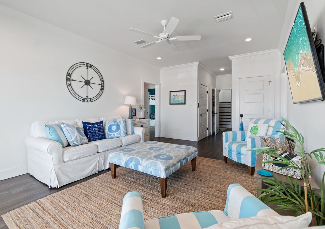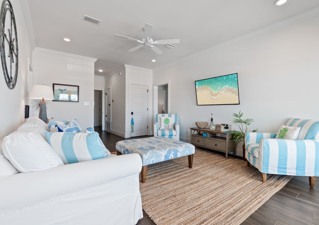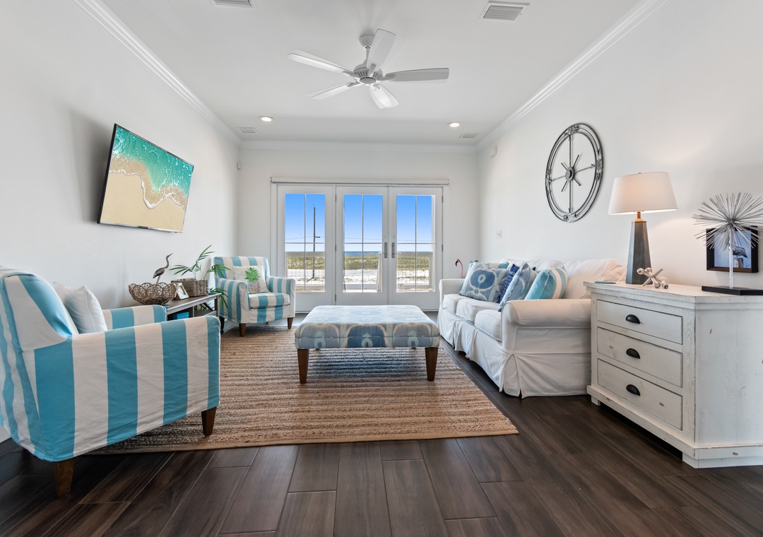 Upon entering on the main floor, you'll find a den with large flat screen TV and comfortable seating. This is a great "hideaway" spot to play a game, read a book or watch your favorite TV show while gazing at the Gulf. The first of 2 sleeper sofas is here.
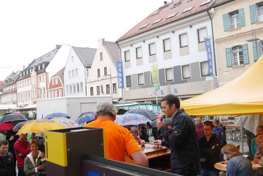 Zwei Hochzeiten mit entsprechendem Aufgebot mischten sich auch noch unter die illustre Schirmträgermenge vor dem altehrwürdigen Rathaus. Ein Wochenmarktsamstag bei Regen, das heißt in Pfaffenhofen nicht, dass es langweilig wird. Der geneigte Kreisstädter ist wasserfest und der Samstagvormittag hat seinen festen Platz in der Wochenplanung. Das umfangreiche Angebot der Wochenmarktbeschicker kann sich aber auch sehen lassen und gegen den Regen gibt es Schirme. Ebenso haben die diversen Straßencafés und Wirtschaften trockene Sitzplätze, das Wochenende ist gerettet.
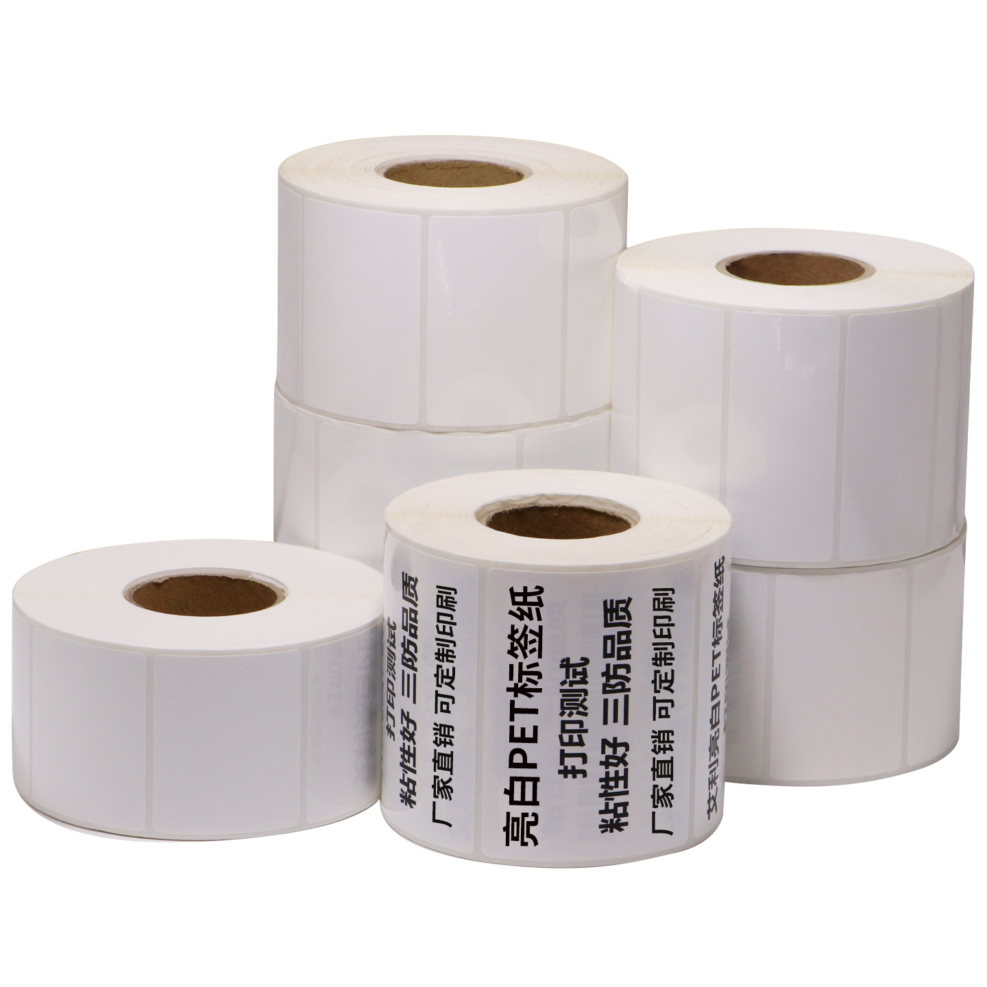 亮白PET不干胶标签贴纸20 × 25 30 35 40 45 50 55 60 75 80 x 90 *100白色防油撕不烂定制pp合成条码打印纸
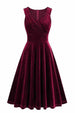 Burgundy kurzes A-Linie Vintage Kleid aus den 1950er Jahren mit V-Ausschnitt
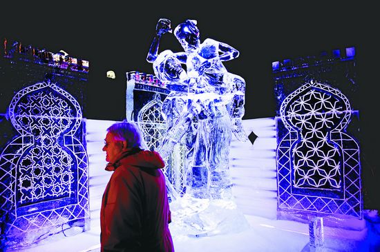 12月15日,游客在荷兰兹沃勒参观冰雕展。国际冰雕展近日在荷兰中部城市兹沃勒拉开帷幕。来自世界各地的40多名艺术家耗费25吨冰和25吨雪,雕刻出一组组栩栩如生的冰雕作品。展览将持续到明年1月底。
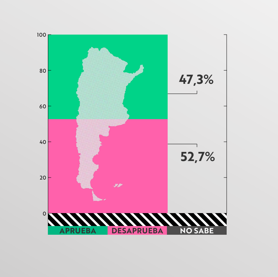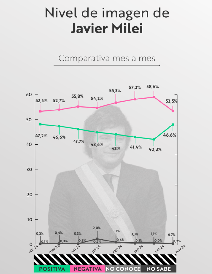 En un escenario de gran polarización, el 52,7 por ciento de los argentinos desaprueba lo hecho por Milei en su primer año, meintras que el 47,3 por ciento aprueba la gestión libertaria. Son números similares a la imagen que tiene el Presdiente: 52,5 por ciento negativa y 46,6 por ciento positiva.
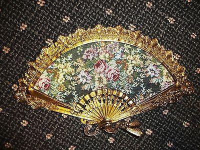 VINTAGE ORNATE Brass Victorian FAN SHAPED PICTURE FRAME with FLORAL TAPISTRY
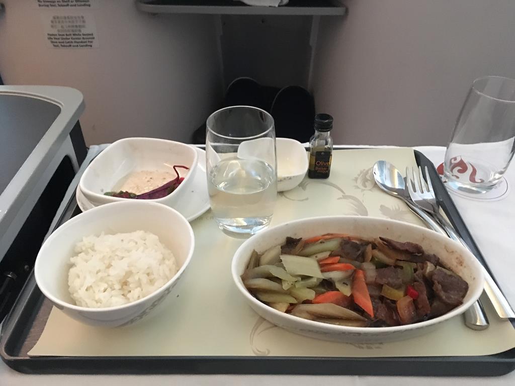 Beim Menü konnte man zwischen einem westlichen und einem asiatischem Menü wählen. Im Falle von Air China habe ich mit beiden Menüs bereits meine Erfahrungen gemacht. Grundsätzlich tendiere ich aber immer zum Menü der regionalen Herkunft der Airline und fahre hiermit stets sehr gut.

**Problem details**.
Reproduce every record in full. Leave out the images.

**Answer space**.
 Upon entering on the main floor, you'll find a den with large flat screen TV and comfortable seating. This is a great "hideaway" spot to play a game, read a book or watch your favorite TV show while gazing at the Gulf. The first of 2 sleeper sofas is here.
 Zwei Hochzeiten mit entsprechendem Aufgebot mischten sich auch noch unter die illustre Schirmträgermenge vor dem altehrwürdigen Rathaus. Ein Wochenmarktsamstag bei Regen, das heißt in Pfaffenhofen nicht, dass es langweilig wird. Der geneigte Kreisstädter ist wasserfest und der Samstagvormittag hat seinen festen Platz in der Wochenplanung. Das umfangreiche Angebot der Wochenmarktbeschicker kann sich aber auch sehen lassen und gegen den Regen gibt es Schirme. Ebenso haben die diversen Straßencafés und Wirtschaften trockene Sitzplätze, das Wochenende ist gerettet.
 亮白PET不干胶标签贴纸20 × 25 30 35 40 45 50 55 60 75 80 x 90 *100白色防油撕不烂定制pp合成条码打印纸
 Burgundy kurzes A-Linie Vintage Kleid aus den 1950er Jahren mit V-Ausschnitt
 12月15日,游客在荷兰兹沃勒参观冰雕展。国际冰雕展近日在荷兰中部城市兹沃勒拉开帷幕。来自世界各地的40多名艺术家耗费25吨冰和25吨雪,雕刻出一组组栩栩如生的冰雕作品。展览将持续到明年1月底。
 En un escenario de gran polarización, el 52,7 por ciento de los argentinos desaprueba lo hecho por Milei en su primer año, meintras que el 47,3 por ciento aprueba la gestión libertaria. Son números similares a la imagen que tiene el Presdiente: 52,5 por ciento negativa y 46,6 por ciento positiva.
 VINTAGE ORNATE Brass Victorian FAN SHAPED PICTURE FRAME with FLORAL TAPISTRY
 Beim Menü konnte man zwischen einem westlichen und einem asiatischem Menü wählen. Im Falle von Air China habe ich mit beiden Menüs bereits meine Erfahrungen gemacht. Grundsätzlich tendiere ich aber immer zum Menü der regionalen Herkunft der Airline und fahre hiermit stets sehr gut.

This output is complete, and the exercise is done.